As I mentioned in the first post in this series, it is important to keep in mind that the East Boston YMCA was suggested by BPS coach Abby Morales to explore “what changes when it works.” Skeptics will justifiably point out that Gloria, Katie, Karen, and Abby may be seeing what they want to see in the children’s responses, especially after putting in all this hard work and perhaps having become enamored with the curriculum. In this regard we are thus very fortunate that in this case Monica Yudron of Harvard is conducting a rigorous evaluation that is assessing the impact of the Boston K1DS initiative across the participating preschool classrooms. My objective in these three posts have been to describe the changes in practice which resulted from the Boston K1DS project in the eyes of two teachers, their director, and their coach. These perceptions are a key source of “early evidence of change.”

Early Evidence of Change

An important concept in any continuous improvement effort is the idea of monitoring “early evidence of change.” (Click on the small “1" to the right of this paragraph to see a note.) Are we seeing evidence of any change, and in particular, are we seeing the intervention’s intended changes? If not, what adjustments need to be made to the program or initiative in question? Katie, Gloria, Karen, and Abby encountered challenges early in the change process and made many adjustments as they implemented the new curricular model. At this point, they cite evidence of improved vocabulary, longer sentences, extended conversations, more knowledge related to themes, much more facility with mathematics, and fewer behavior problems among their students. Their impressions and analysis represent positive early evidence of change.
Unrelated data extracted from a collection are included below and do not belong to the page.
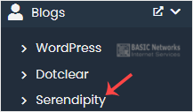 4. On the left side, locate the Blogs category. Click on it and then on the Serendipity link that appears.
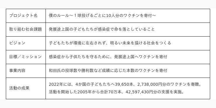 和田毅選手「僕のルール~1球投げるごとに10人分のワクチンを寄付~」
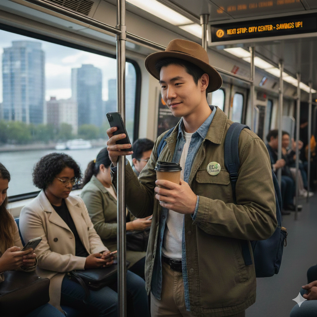 대중교통을 이용하며 교통비를 절약하는 청년
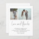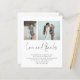 Un rapport qualité-prix BUDGET alternative sur une taille plus petite 4,5 x 5,6" semi-brillant poids 110lbs, qui est d'une épaisseur similaire à une carte postale (cependant ne convient pas à l'utilisation comme carte postale.) VEUILLEZ NOTER qu'il y a UN par feuille. Budget 2 Photo QR Code Love and Thanks Mariage Style minimaliste informel. Remplacez simplement les deux exemples de photos par vos propres favoris. Love and Thanks est dans un élégant script de style manuscrit, et facilement personnaliser le reste du texte. Ajoutez votre code QR à votre site Web mariage à l'arrière, ce qui en fait une occasion pratique de faire savoir à vos clients comment visionner vos photos mariages. Vous pouvez créer des codes QR gratuitement en ligne. Il suffit de chercher "créateur de code QR" et beaucoup d'options viennent créer gratuitement.
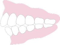(出っ歯)上の前歯が前に出ている歯並びです。見た目だけでなく、口が閉じにくくなることから虫歯リスクが高まる原因にもなります。 -
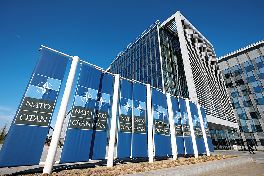 这是4月4日在比利时布鲁塞尔拍摄的北约总部一角
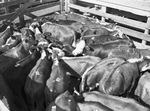 Pens fill up again -- Pens at the Fort Worth Stockyards, largely empty for many days past, were filling rapidly Monday with loads of grass-fed animals like these West Texas range calves, and packer buyers' activities indicated that fresh meat supplies will begin to reach dining tables within a few days. The calves are pictured here. They each have a number attached to their backs. Published in the Fort Worth Star-Telegram evening edition, July 8, 1946. .
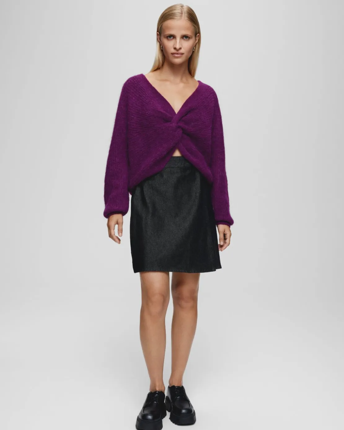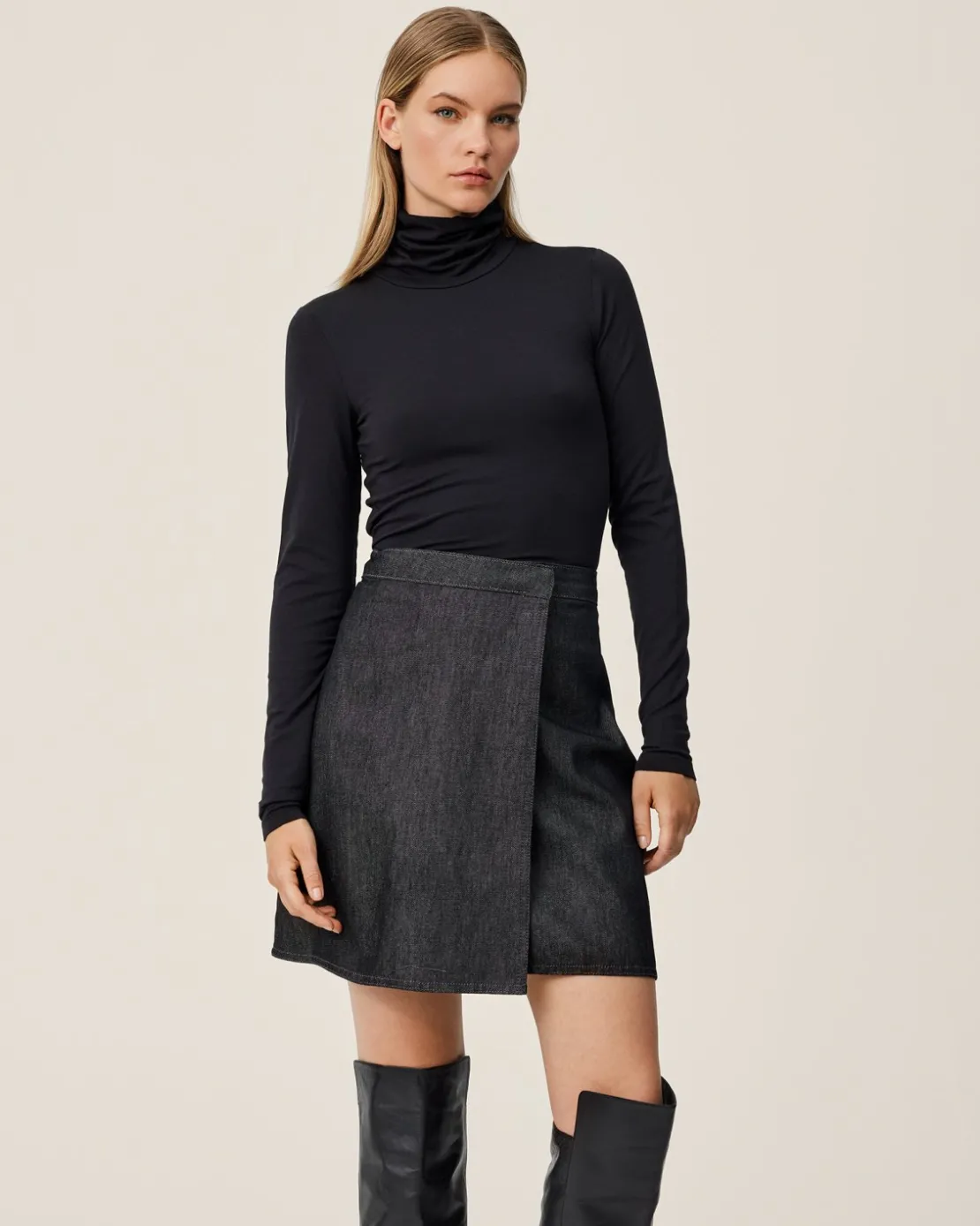 Elena is a soft denim quality, in a black washed colour. This skirt is a mini skirt, and features a wrap design, with a button closure. It’s edgy and cool. Style it with the matching denim jacket and a pair of high boots.

In time, these perceptions will be factored into a broader assessment, beginning with a report Monica Yudron will soon issue that will characterize how classrooms have changed across the Boston K1DS initiative and whether there is a link between classroom changes and child learning.

Leveraging District Capacity

The Birth-Third movement is premised both on the idea that districts and community-based organizations need to create respectful, two-way learning partnerships that serve all children and that there are opportunities to leverage the larger size, infrastructure, and in some cases capacity of school districts to the benefit of community-based providers. Boston K1DS is a highly unusual case nationally for two reasons. First, it is based on a curriculum and coaching model that has demonstrated such robust results. Second, with the support of former Boston mayor Thomas Menino and the district, the BPS Early Childhood department has built a respected team of early childhood coaches, capacity that was integral to the success of the model in district classrooms. In line with the ambitions of the Birth-Third movement, this capacity, supported in part by external funding, is now being tapped and deployed in community-based classrooms through the Boston K1DS pilot initiative, a further step towards ensuring that all children enter school ready to learn and succeed. Boston K1DS thus shows a potential role districts can play within the mixed delivery system. This role, however, requires that districts deliberately invest in and build the capacity to deliver high-quality early childhood education.

This post was completed as part of a contract between the MA Department of Early Education and Care and Cambridge Education (where David Jacobson worked at the time). Contract # CT EEC 0900 FY13SRF130109CAMBRID.